Results of chromatographic robustness analysis are shown by varying the amount of n-hexane in solvent B. The shift of retention times are depicted as percentage compared with the retention time obtained using the optimal composition (50% n-hexane). Each data point stands for a specific TAG eluted in the same order as in Fig. 2A. 55% n-hexane, open circles; 50% n-hexane, open triangles; 45% n-hexane, open squares.

Fig. 4.

Schematic diagram of TAG analysis, identification, and quantitation.

Fig. 5.

Results of fatty acid regiodistribution are shown for beef tallow (A) and pork lard (B). The absolute quantity of fatty acids in the sn-1(3) and sn-2 positions can be read on the vertical axis.

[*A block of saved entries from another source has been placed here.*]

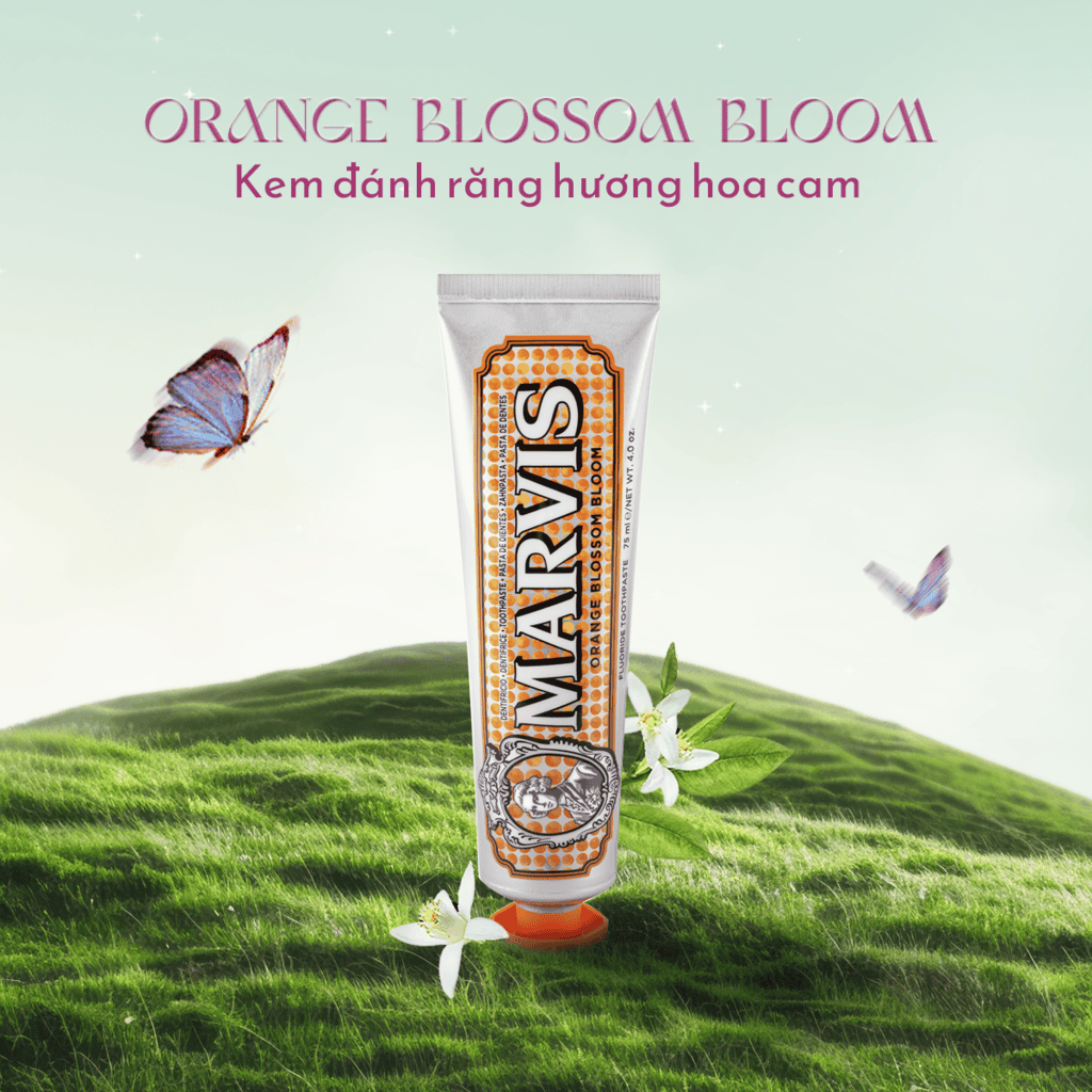 Hương hoa cam thơm lừng, cộng hưởng cùng vị the mát của bạc hà châu Âu, kem đánh răng Marvis Orange Blossom Bloom sẽ khiến người ấy rung động chỉ sau vài giây “thưởng thức”.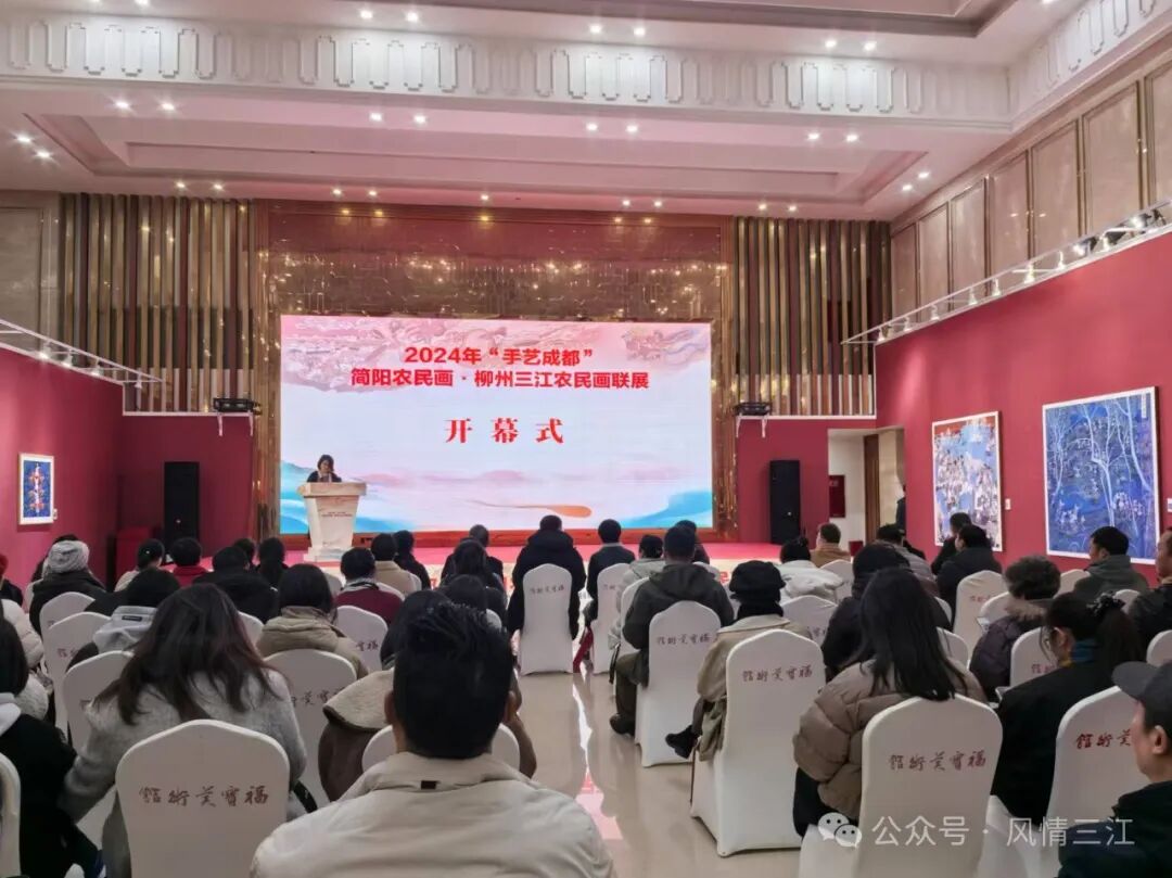 12月9日,由四川省成都市文学艺术界联合会、广西壮族自治区柳州市文学艺术界联合会指导,成都市文艺发展服务中心、成都市民间文艺家协会、柳州市民间文艺家协会、柳州市美术家协会共同主办的2024年“手艺成都”简阳农民画·柳州三江农民画联展在四川省成都市福宝美术馆举行。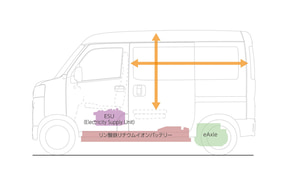 最大積載量350kg、広々とした荷室空間といった軽バンとしての使い勝手のよさはそのままに、モーター、インバーター、トランスアクスルを一体型にした「eAxle(イーアクスル)」を搭載することで軽ターボ以上のトルクを発揮し、EVならではの静かで力強い走りと、停車時、加速時の高い静粛性を実現した。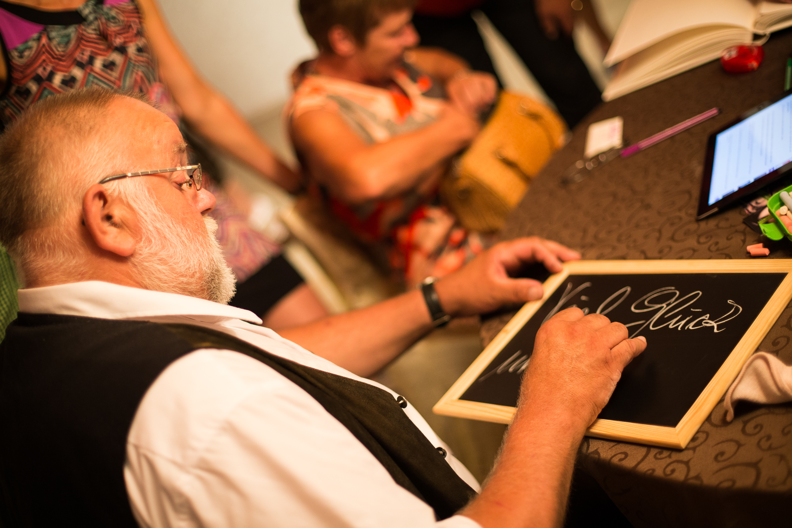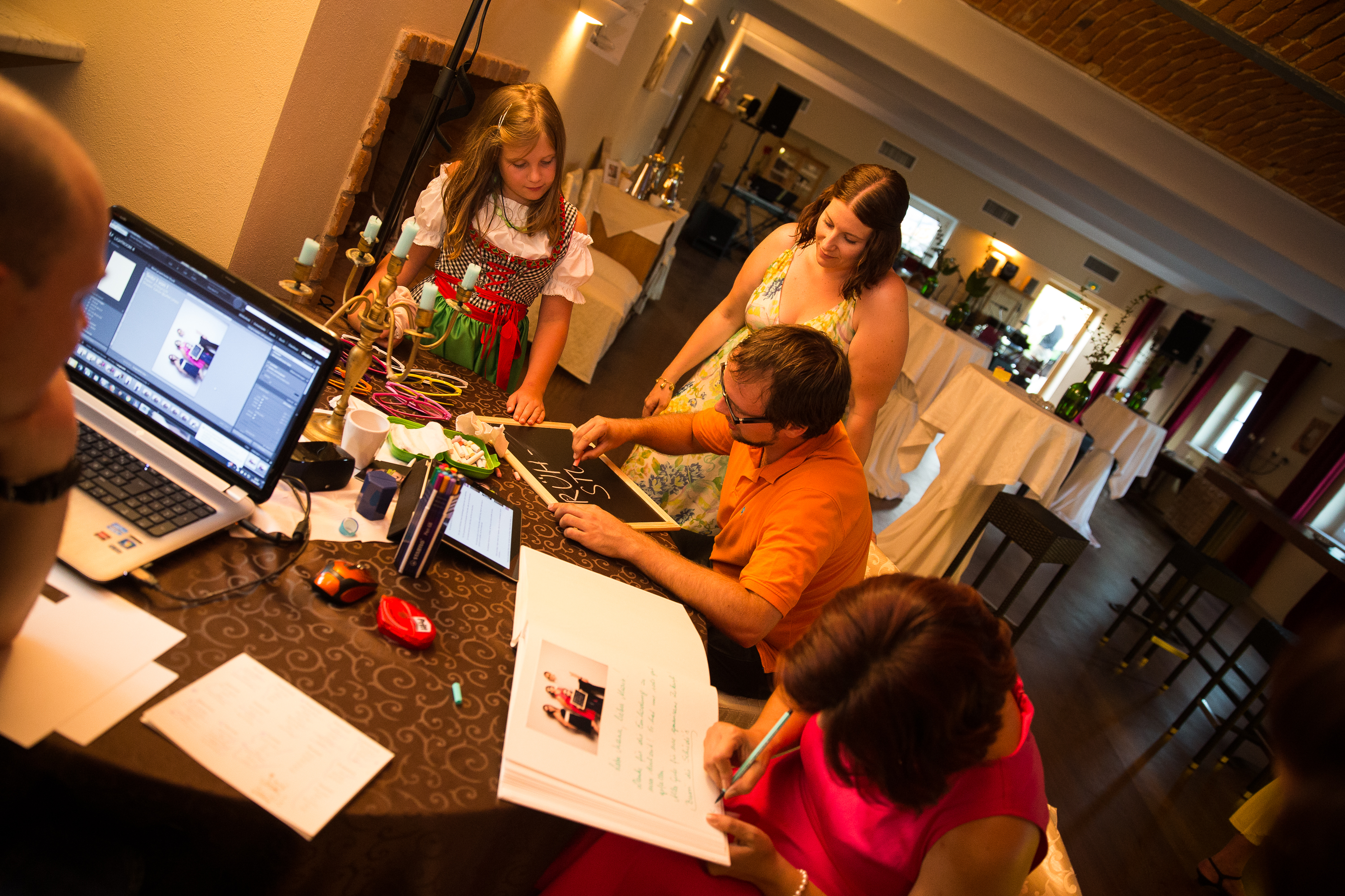 Hierbei werden einzelne Gäste oder Gruppen von uns vor einem geeigneten Hintergrund und mit profesioneller Blitzanlage abgelichtet. Diese Bilder werden sofort nach der Entstehung bearbeitet, ausgedruckt und in ein Gästebuch geklebt, wo auch jeder Gast noch seine Glückwünsche ausrichten kann.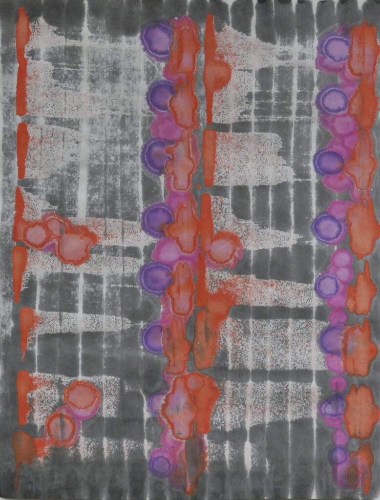 Die Tuschezeichnungen der Reihe „Alarm! Signale – Warnungen und Tendenzen“ von 2022 sind zu verschiedenen Signaltönen, die unseren Großstadtalltag einnehmen, entstanden. Linien, Farben, Formen und deren rhythmitisierte Verbindung dienen mir als Balancemittel zur heutigen, extremen Zeit.

In the case of pork lard sample, 83% of P is esterified at the sn-2 position, whereas in the beef tallow sample, only 17% of P is esterified at the sn-2 position.

Fig. 6.

(A) Regiodistribution of fatty acids in the butter fat sample. (B) Size distribution of 565 intact TAG detected in the same analysis and expressed as function of carbon number of acyl chains. Note that TAG with even acyl chain carbon numbers are greater than ten times more abundant than TAG with odd acyl chain carbon numbers.